You’ve probably heard common advice like “Plan to spend 70% to 80% of your working income in retirement.” While it’s a quick shortcut, your retirement deserves better than a vague rule of thumb. Every person’s needs and goals are different, and there are better ways to arrive at your spending number.

 

Two ways to approach the spending question


As a retirement planner, I see people approach this question in two ways:


  1. “Here’s what I want to spend – can I afford it?”

    You’ve figured out a lifestyle you want, and now you want to know whether your savings, investments, and income sources (like Social Security) can support it.


  2. “Tell me what I can afford – and I’ll build my lifestyle around that.”

    In this case, we work backward from your available resources to determine a sustainable annual budget.


Both approaches are valid. What matters is that we settle on a spending target – your number – to guide the rest of your retirement plan.

 

Start with your current take-home pay


A simple “top-down” approach is to use your current monthly take-home pay as a starting point. Then ask yourself:


  • Are you saving money now? If so, you’re already living on less than your take-home pay, which is good because it means you might be able to lower your retirement spending estimate a bit.

  • Are you relying on credit cards or loans to make ends meet? In that case, your spending number might need to go up – and your retirement timeline may need some adjusting.


This method won’t give you a perfect number, but it gets you close enough to start planning.

 

Want more precision? Build a budget


If you're a detail-oriented person (or just want more certainty), take time to build a detailed retirement spending plan. Start by organizing your expenses into four categories:


  1. Fixed monthly costs – Rent or mortgage, utilities, insurance, car payments.


  2. Variable monthly costs – Groceries, gas, dining out, entertainment.


  3. Recurring but non-monthly costs – Property taxes, insurance premiums, vacations, home repairs.


  4. Temporary expenses – Things you’re paying now (like a mortgage or college tuition) that will go away later.

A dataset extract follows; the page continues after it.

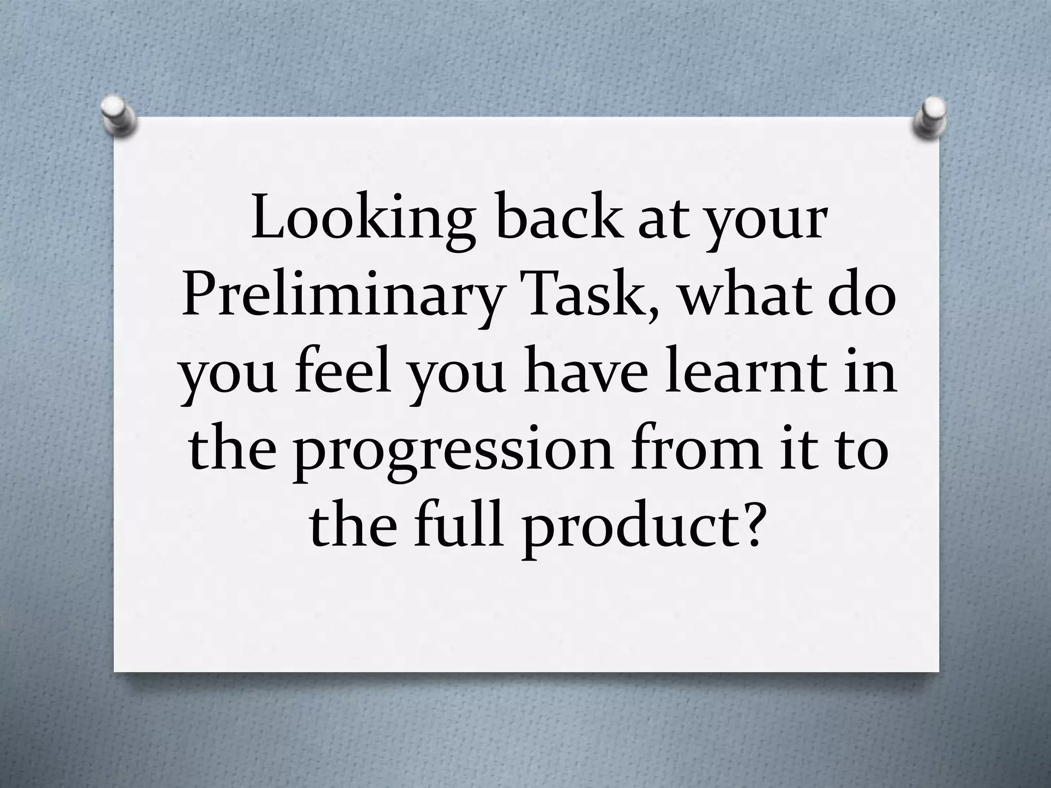 The document compares the front cover, contents page, and double page spread from the preliminary task to the final product.

Be sure to include everything – and think ahead to how your spending might change in different phases of retirement, like when one spouse retires before the other, or when one passes away.

 

Don’t forget inflation and emergencies


Even a well-crafted budget can fall short if you don’t plan for:


  • Inflation – Your spending needs will rise over time. Assuming 2.5% annual inflation is a good starting point.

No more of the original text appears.